Stretching is magic. Seriously.

No matter which sport or activity, stretching is a key element of training – and derby is no different. If anything, it’s more important due to the precision and strength required to manoeuver around on skates.

Compared to any other cross-training, stretching is the easiest and most time-effective way to get results. A quick, regular stretch routine will have enormous benefits on your derby game, especially if you’re not from an athletic background.

Convinced yet? Well, here’s a few reasons stretching is awesome:


In derby, flexibility is what allows you to open your hips wide, or bend down low to avoid a hit, or lean across the track to block with your team-mate.

Stretching the same muscles on a regular basis will gradually increase the range of motion you are able to achieve. Better mobility means you’ll be able to sink lower into your derby stance, brake faster with your plow, and pull off that perfect transition.

 Relief from tension and soreness

It’s hard to believe at first, but stretching feels good! If you find yourself sore or aching after practice, stretching will relax and reset your muscles, relieving your pain.

When you stretch, blood flow to the muscle increases. More blood flow means more nutrients and oxygen are flowing in, and the waste leftover from exercise is flushed out. This means faster recovery, as well as reducing that delayed-onset muscle soreness (DOMS).

Stretching soon after exercise will be more effective than waiting until you’re already sore. If you can pinpoint the muscles which give you the most trouble and stretch them out straight after practice, or at least before going to bed, you’ll feel a great deal fresher the next day.

Combats muscle tightness

Tight muscles are really no fun. Even if they don’t cause obvious pain from aches and rattles, they can be dangerous for the health of your joints.

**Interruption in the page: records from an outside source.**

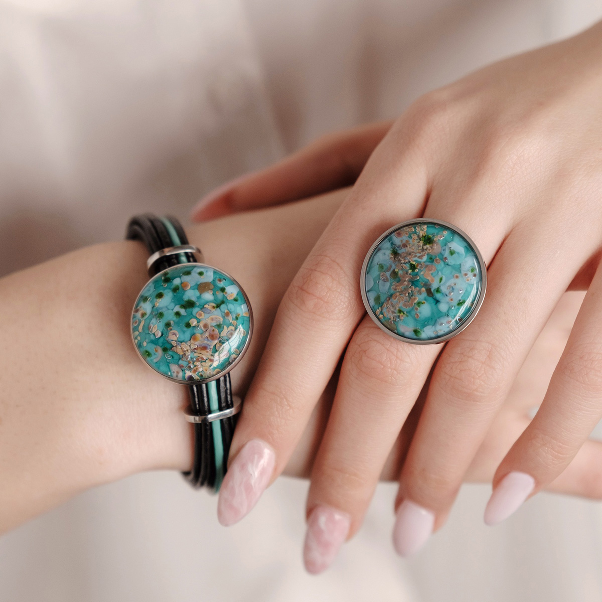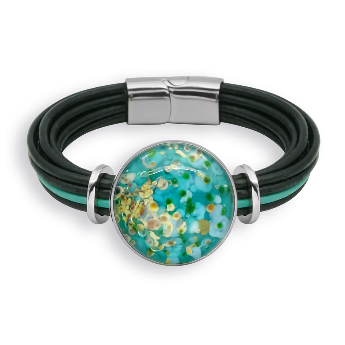 Браслет изготовлен из муранского стекла, натуральной кожи и гипоаллергенной ювелирной стали, что очень важно для людей с чувствительной кожей. Металл не темнеет и не подвергается воздействиям окружающей среды, надолго обеспечивая красивый внешний вид изделия. Крепкий магнитный замок с двойной защитой надежно фиксируется на запястье. Ширина браслета - 1,5 см. Диаметр стеклянного элемента - 2,5 см. Вес - 24 гр.
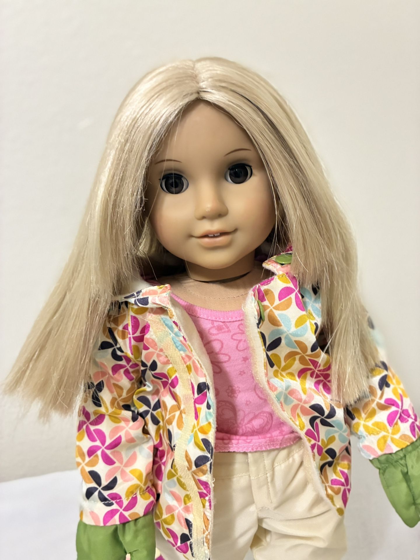 American Girl Truly Me doll with the complete snowboard accessory set. She comes with her snowboard, boots, helmet, goggles, snow jacket, snow pants, socks, and a shirt. Everything is in like new condition Great bundle for collectors or winter-sports fans!
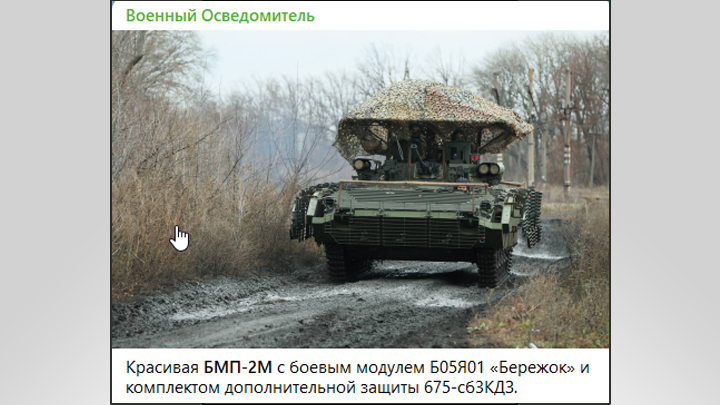 Пока недостаточную защищённость наших БМП пытаются компенсировать за счёт решётчатых экранов, выходит не очень эффективно. Скриншот с ТГ-канала "Военный Осведомитель"
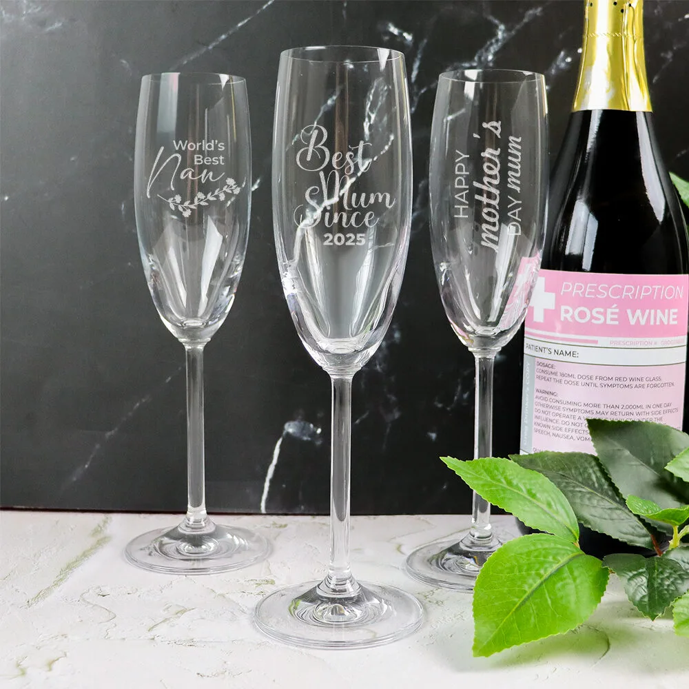 Celebrate your mum this Mother’s Day with one of our Mother’s Day Champagne Flutes. These Champagne Flutes come in a variety of designs perfect for mum, grandma or a special bonus mum in your life. Sure to make the perfect gift for them this Mother’s Day.
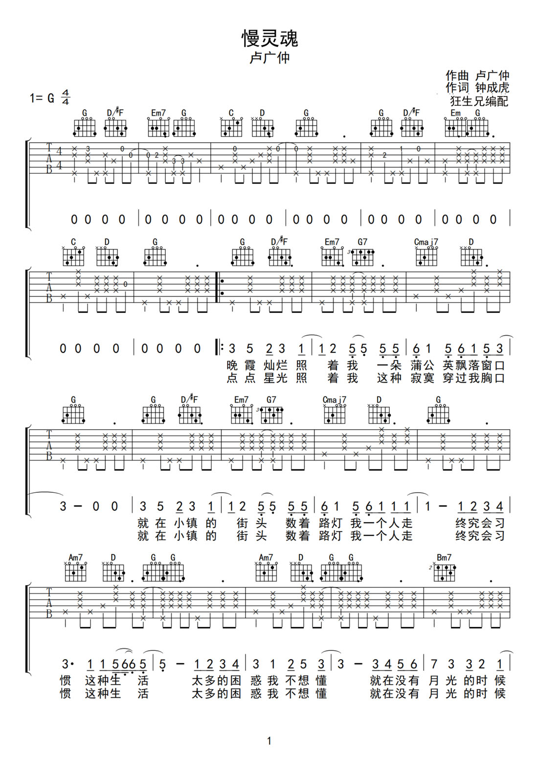 卢广仲《慢灵魂》吉他谱 G调弹唱谱
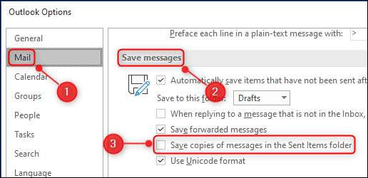 I fanen "Mail" skal du rulle ned til afsnittet "Gem beskeder" og afmarker "Gem kopier af meddelelser i mappen Sendte varer."
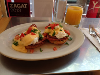 本日はエッグベネディクトとオレンジジュースにしてみました。意外にも長ねぎが乗っかってました。
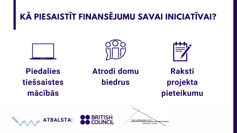 Уже этим летом будет объявлен конкурс проектов, предусматривающий финансовую поддержку для реализации общественных инициатив до 3 тысяч евро на один проект, с целью обеспечения участия различных групп в проекте, развития сотрудничества, снижения стереотипов и укрепления местных сообществ, совместного создания позитивных решений. По словам О. Зугицкого, координатора НКО Dienvidlatgales NVO atbalsta centrs (DNVOAC): «Я рад, что при поддержке British Council (Британского Совета) DNVOAC был создан новый финансовый инструмент для активных жителей Латгалии. Важно, чтобы каждый житель знал о своих возможностях в укреплении гражданского сообщества Латвии, поэтому я призываю жителей региона принять участие в обучении, приобрести новые навыки и способности, а также получить финансирование для укрепления местных общин».
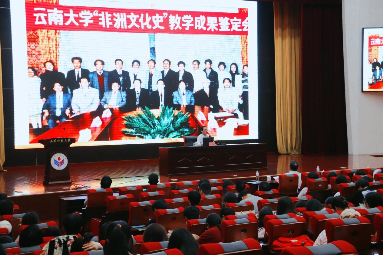 讲座伊始,刘鸿武教授从“读万卷书,行万里路”切入,引出如何在行走世界过程中做利国利民利天下的创新学问这一重要议题。随后,刘教授结合自己的非洲研究学术经历,深刻指出了跨文化交流与合作的当代价值及其重要性。刘教授指出,在非洲从事学术调研期间,通过对当地历史文化和社会发展现状的系统考察,深刻领悟了不同文明相互借鉴、彼此融合的重要意义和价值,也充分认识到了学者所肩负的解决经济社会发展实际问题、为增进国际理解与合作贡献学术智慧的重大使命。刘教授聚焦中非合作这一现实议题,具体提出了增进相互理解与合作、构建平等共赢国际合作模式的解决方案,强调中非合作不仅要体现在经济上互利共赢,还应体现于文化上交流互鉴。中非双方要共同努力增进互信与友谊,通过教育、科技、文化等各领域的密切交流与合作,为构建心灵相通、扎实稳定的中非崭新关系奠定坚实的基础。
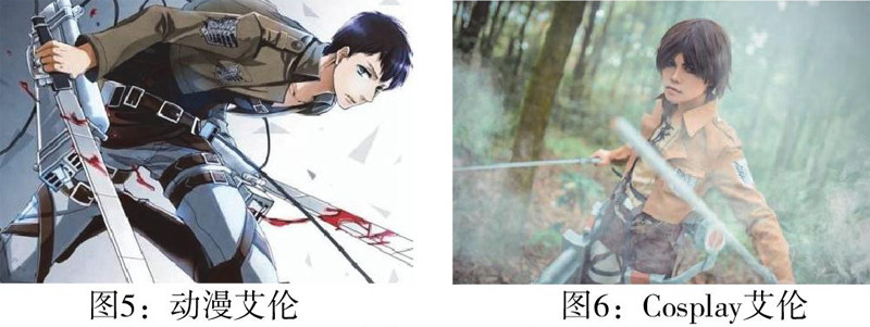 虚拟模仿型服装注重服装的艺术表现,而忽略了服装的实用性。"cosplay”服饰可以算是典型。在造型方面,要讲究内、外造型结合。外造型指服饰的轮廓感和人物服饰的还原度,而内造型则是我们常说的省道、结构线等。在色彩搭配方面,设计这类服装要考虑人物本身的时代背景或角色定位。在材质选择方面,充分利用面料性能,可以使“cosplay”服饰展现出更好的效果。在满足以上三要素的虚拟模仿型服饰,才能跟深入“次元宅”的内心,使其成为一种寄托,如图5、6动漫《进击的巨人》服饰的呈现效果。
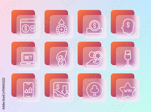 Set line Lucky player, Financial growth decrease, Hand holding casino chips, Playing card with clubs symbol, Coin money dollar, Online poker table game and Casino icon. Vector
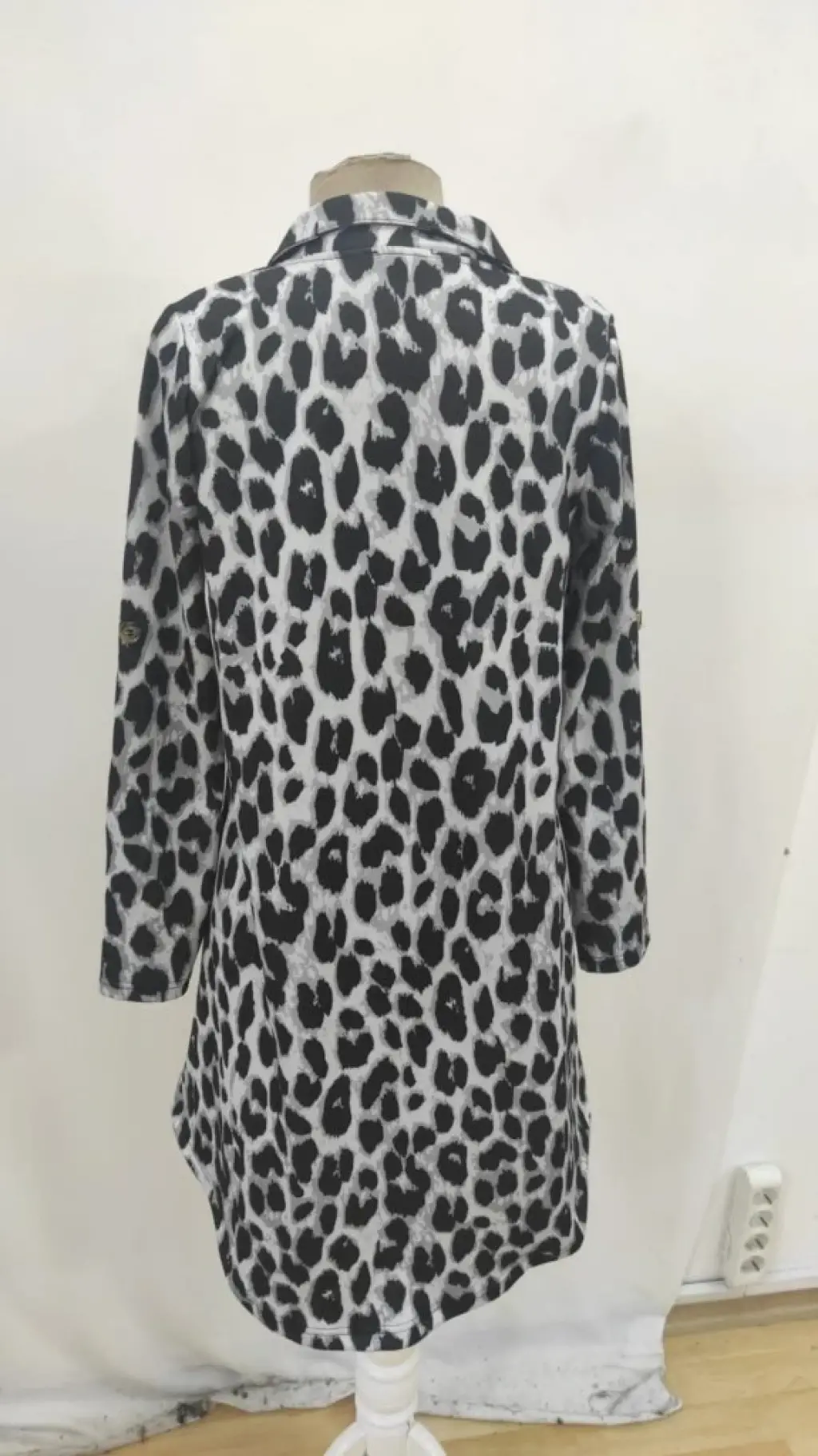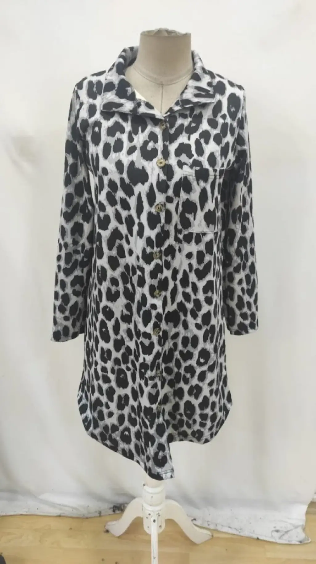 Kadın Uzun Kollu Yakalı önden Düğmeli Leopar Desenli Modal Midi Elbise

So many aches and injuries are caused by simple by muscle tightness. For example, runner’s knee – probably the most common athletic injury, frequently caused by tight thigh and calf muscles pulling the parts of the knee joint out of line. This slight malalignment, combined with repetitive action can stress the joint and cause damage.

Stretching will actively reduce tightness and tension in your muscles, with the effect of ensuring your joints are effectively supported when you skate.

If you have nagging joint pain, such as your knee, shoulders, hip, or back, I would certainly recommend incorporating stretching into your routine – you’d be surprised at the results!

Helps protect against injury

In derby, we’re always moving in weird and wonderful ways. Whether it’s an apex jump gone wrong, or a daring lunge across the track, we sometimes push our bodies just a little bit too far in the heat of the game.

When you are regularly stretching, you are teaching your muscles how to be in extreme positions. By taking them to the limit on the living room floor, you’re preparing them to cope with being taken to the limit on track.

For example, say you pivot on one leg a bit too roughly and twist your knee. A trained muscle will be accustomed to the rotational force, and will be able to adapt accordingly to the motion. An untrained muscle might tense up, resulting in a sprain.